The histories of computing, artificial intelligence (AI) and mass spectrometry are intertwined, going back at least to the work of Sibyl Rock at Consolidated Engineering Corporation (CEC) compiling the first computing manual for mass spectrometry 1946, and together with Clifford Berry developing the first commercially available electronic computer. This work was driven by the need to solve problems in mass spectrometry. Another intersection is the development of an early expert system, Dendral, by Joshua Lederberg and colleagues at Stanford, for identifying chemical structures from mass spectra, representing a major milestone not only in mass spectrometry, but also in the development of AI.
In recent decades, machine learning, in particular deep neural networks trained on thousands or millions of spectra, has significantly improved our ability to identify peptides and small molecules by predicting their observability, chromatographic behavior and fragmentation in tandem mass spectrometry. This presentation will highlight some of these recent developments, including our own contributions. The integration of machine learned models can already be used to generate realistic synthetic data. This has many potentially beneficial applications in system suitability testing, experimental design and method optimization, and providing ground truth for algorithm and computational workflow benchmarking. It also has some significant risks, which must be addressed.

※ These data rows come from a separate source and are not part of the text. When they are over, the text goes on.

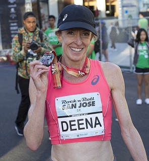 SAN JOSE — Deena Kastor is at an age where most pros hang up their racing flats, but nothing appears to be stopping her. Today she tied the women’s U.S. and World Masters record in the 5K in 15:48, winning the women’s Rock ‘n’ Roll San Jose 5K and placing third overall. The women’s 5K Masters Record was previously set by Colleen De Reuck in Albany, New York, in 2004.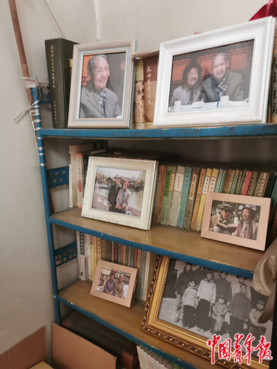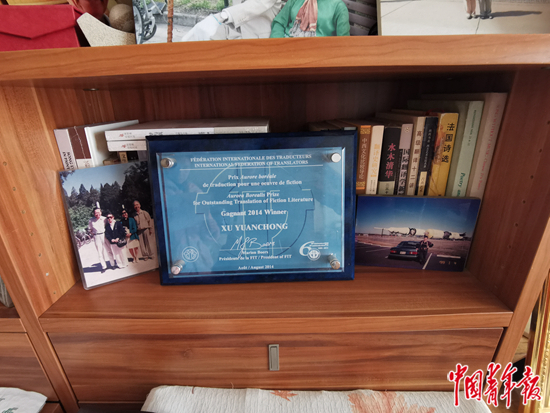 许渊冲的书架上放满了相框,全是与妻子照君的合影、全家福。唯一的“外人”是杨振宁,他和杨振宁的合影,摆在他的“北极光”奖牌旁边。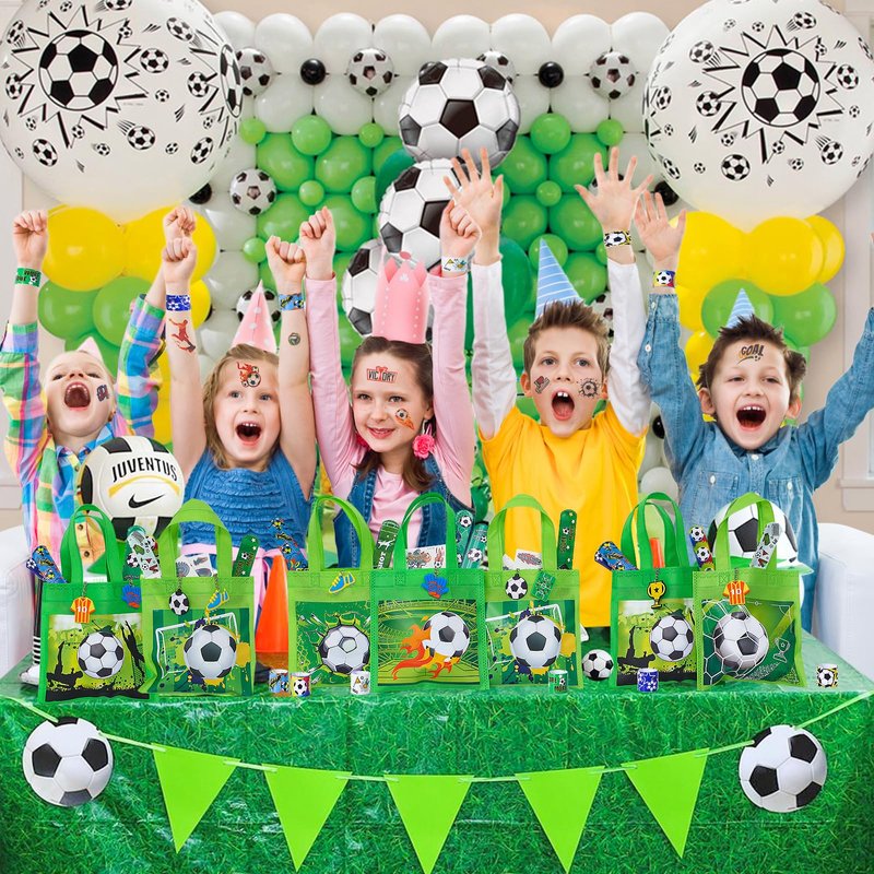 - Soccer Birthday Party Favors - It's soccer time! Our set of soccer party favors are packed with fun and practicality. The soccer non-woven bag has a large capacity, which allows children to carry items easily. Keychains have different shapes. Stickers and slap bands catch kids' attention instantly. Whether you're celebrating a birthday, hosting a tournament, or just getting together with friends to watch games, these party favors will add an extra element of fun and excitement to your event

Large language models are now also able to learn from millions of documents describing mass spectrometers and mass spectrometry data may provide further assistance to human experts in data interpretation, resuming the pioneering work of the DCRT/CIS conversational AI mass spectrometry search developed at NIH in the early 1970s.
Finally, some recent work on using generative AI to explore data analysis workflows for mass spectrometry will be presented. By building and running ensembles of workflows rather than one particular workflow, it may be possible to increase the confidence in biological interpretations from the proteomics data, as well as learn something about the combined tools themselves.